Anti-Radar techniques

Main article: Stealth technology § Radar cross-section (RCS) reductions

The radar cross-section (RCS) of an object is a measure of how much electromagnetic (EM) energy is reflected by an object expressed as an area (typically square meters). The RCS of an object is a function of the object's size, shape, and materials. It also varies depending upon the frequency of the EM energy. Because long-distance search/acquisition radars use different frequencies than short range fire control radars, a variety of techniques would have to be used to protect the U-2.
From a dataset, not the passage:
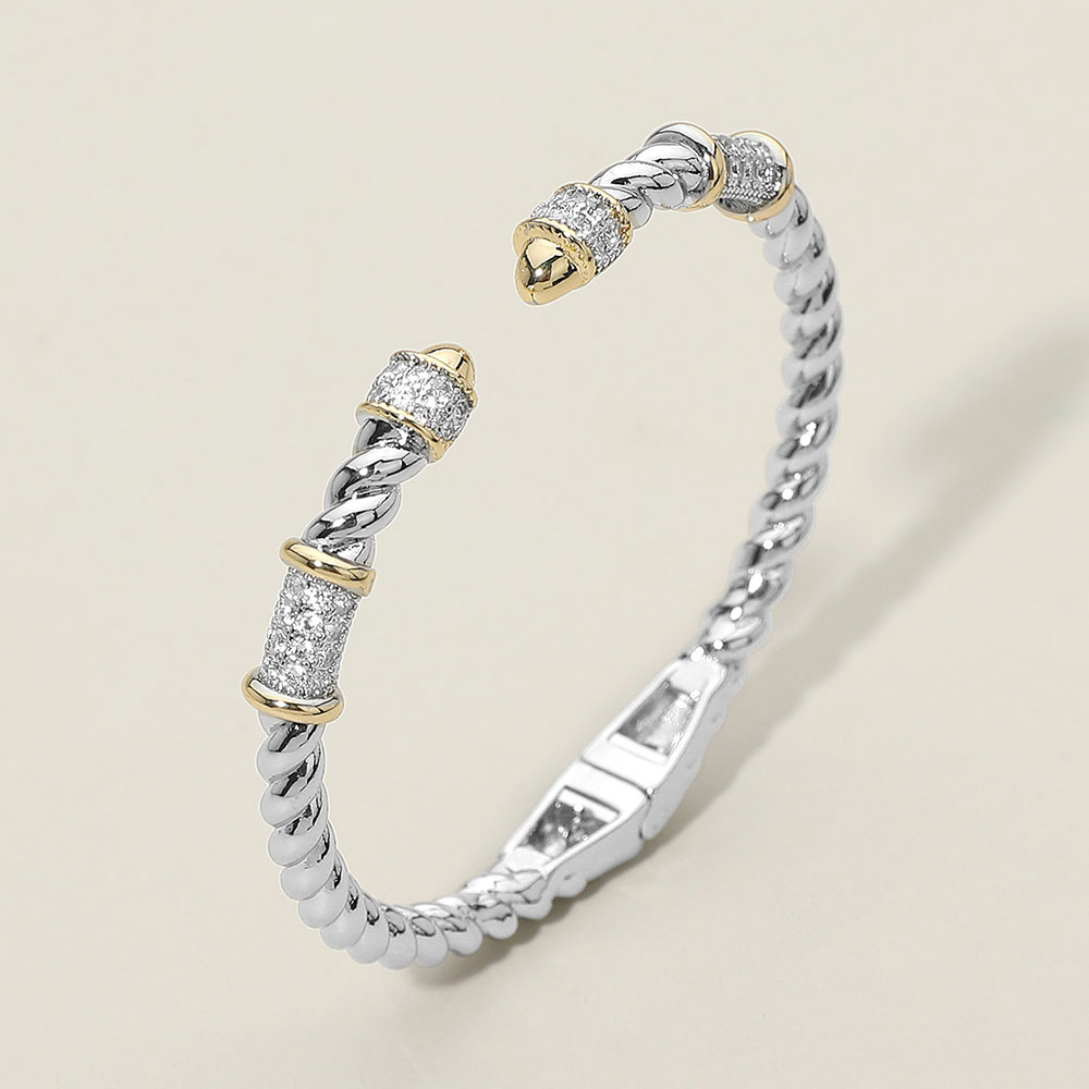 Details • Size : 0.25" H, 2.4: D • Hinged Closure / Cuff • Sophisticated open cuff bracelet featuring a braided band with crystal accent stations and polished end details. Designed for refined styling, this statement piece adds elegant sparkle while remaining versatile for everyday wear, special occasions, and effortless bracelet layering. • CZ Cubic Zirconia

All parts of the aircraft created reflections (the fuselage, tail, wings, engine inlets, and exhaust) . The anti-radar techniques investigated fell into 2 categories: either absorbing the radar energy or creating reflections that interfered with the reflections from the aircraft.

Wallpaper

Purcell's first concept was an absorber material to be placed on the U-2's fuselage. Developed by the Lincoln Lab team and Lockheed, it became known as "Wallpaper". It consisted of a conductive pattern printed on a flexible sheet called grid that was then glued to honeycomb that was then applied to the aircraft. It was intended to be effective against the higher frequency radars [5].

Trapeze

To reduce low-frequency (70 MHz) reflections from the leading and trailing edges of the wings, a wire was placed parallel to and ahead of each wing's leading edge and another parallel to and behind each wing's trailing edge. To anchor the outboard end of each wire, a fiberglass pole was attached to each wingtip to give anchor points ahead and behind the wings. Each wire then ran from the front end of each pole to the slipper tank (which projected in front of the wing) and from the slipper tank to the fuselage. Behind each wing, a wire ran from the back end of the fiberglass pole to the fuselage. The horizontal stabilizer was treated in a similar manner.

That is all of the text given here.